- Born: December 4, 1959 Brighton, Alabama, USA
- Died: September 15, 2007 (aged 47) Alexandria, Kentucky, USA
- Spouse: Marpessa Weatherby
- Children: 4 daughters Audrey, Elaine, Rachel and Antoneanitgah; two sons, Ryan and Stephen

= Dennis Weatherby =

American scientist (1959–2007)

Dennis W. Weatherby, Ph.D. (December 4, 1959 – September 15, 2007) was an inventor, scientist, university administrator, and proponent of minority college students' success.

While working for Procter & Gamble in the 1980s, Weatherby patented lemon-scented Cascade, a detergent with a new chemical formula that would not stain dishes, unlike the detergents of the previous decade. As the founding director of Auburn University's Minority Engineering Program, he made Auburn one of the top universities for graduating African Americans in the field of engineering.

==Early life==
Weatherby was born December 4, 1959, in Brighton, Alabama the son of Willie and Flossie Mae Weatherby. He attended Midfield High School and then attended Central State University in Wilberforce, Ohio, where he graduated with a bachelor's degree in chemistry in 1982. From there, he moved to the University of Dayton where he completed a master's degree in chemical engineering in 1984. Soon after finishing his studies, Weatherby began working for Procter & Gamble in Cincinnati, Ohio, as a process engineer.

==Career==
With his team, Weatherby developed a solution that employed a category of dyes that could be used in products containing bleach and, at the same time, would give the soap a lemon-yellow color that would not stain dishes. Before his invention, pigments were used in such solutions that often stained dishes and dishwasher interiors. With fellow inventor Brian J. Roselle, he received U.S. patent No. 4,714,562, issued on December 22, 1987, for his breakthrough "Automatic dishwasher detergent composition." The solution serves as the basic formula behind all of today's "lemon-scented" cleaning products containing bleach.

Following his stint with P&G, Weatherby briefly worked for the Whittaker Corporation, a division of Morton International. Then, in 1989, he began working for his alma mater, CSU, as an academic advisor and recruiter in the water resources center. According to the school, which has historically catered to black students, under Weatherby's leadership the program experienced a more than 400 percent growth in student enrollment with a better than 80 percent retention rate. In 1994 he became an assistant professor of water quality at CSU in its International Center for Water Resources Management. He also served as the primary recruiter, advisor and counselor for students in the environmental program at CSU.
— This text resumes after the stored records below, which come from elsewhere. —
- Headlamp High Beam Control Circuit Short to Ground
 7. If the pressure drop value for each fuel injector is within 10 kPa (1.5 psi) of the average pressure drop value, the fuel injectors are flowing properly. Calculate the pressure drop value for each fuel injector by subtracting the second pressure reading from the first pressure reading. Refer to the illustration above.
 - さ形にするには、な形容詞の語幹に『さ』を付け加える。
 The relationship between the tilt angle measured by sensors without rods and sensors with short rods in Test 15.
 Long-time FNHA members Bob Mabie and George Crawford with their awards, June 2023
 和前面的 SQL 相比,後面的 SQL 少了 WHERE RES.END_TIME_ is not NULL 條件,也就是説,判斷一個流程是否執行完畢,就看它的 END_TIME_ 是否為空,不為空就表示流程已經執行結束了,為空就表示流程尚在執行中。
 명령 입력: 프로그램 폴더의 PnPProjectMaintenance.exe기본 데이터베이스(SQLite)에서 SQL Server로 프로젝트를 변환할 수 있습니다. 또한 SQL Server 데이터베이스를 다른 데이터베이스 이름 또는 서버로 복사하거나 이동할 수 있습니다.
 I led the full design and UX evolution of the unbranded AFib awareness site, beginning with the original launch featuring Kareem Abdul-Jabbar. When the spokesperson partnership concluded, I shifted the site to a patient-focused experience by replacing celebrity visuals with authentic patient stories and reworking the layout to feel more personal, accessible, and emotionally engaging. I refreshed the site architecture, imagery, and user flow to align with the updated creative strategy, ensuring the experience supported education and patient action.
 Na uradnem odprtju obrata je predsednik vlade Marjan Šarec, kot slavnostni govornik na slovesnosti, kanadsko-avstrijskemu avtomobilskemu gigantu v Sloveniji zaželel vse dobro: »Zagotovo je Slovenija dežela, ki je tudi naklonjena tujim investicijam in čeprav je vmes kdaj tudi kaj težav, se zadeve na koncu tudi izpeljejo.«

In 1996, Weatherby moved on to the institution where he had completed his graduate studies, Auburn University, to become director of the school's new minority engineering program. There he served as a role model and advisor for black and other young minority men and women and also chaired external programs such as an undergraduate science symposium for showcasing students' research from six area colleges and universities. An MEP (Minority Engineering Program) report stated that minority first-year freshman pre-engineering students involved in the program in 1998–99 had a mean grad-point average over their first three academic quarters of 2.70. Nearly 79 percent of the participants had GPAs equal to or better than the 2.20 required to begin taking engineering courses. By comparison, white first year freshman pre-engineering students had a mean GPA after three quarters of 2.56 and just below 70 percent had the required 2.20 GPA. Weatherby left Auburn to become an associate dean of the graduate school at the University of Notre Dame in 2004. In 2006, he became the Associate Provost for Student Success at Northern Kentucky University, which he served until his death in September 2007.

==Death==
Weatherby died from what doctors speculate was a blood clot that had traveled to his brain. After struggling with high blood pressure most of his life, his kidneys sustained severe damage. Weatherby spent a week in the hospital and a week at home on medication to lower his blood pressure. He was 47 when he died. According to one of his daughters, Audrey Weatherby, during his time at home he hit his foot on a bedpost. Doctors believe a clot formed and eventually caused his death.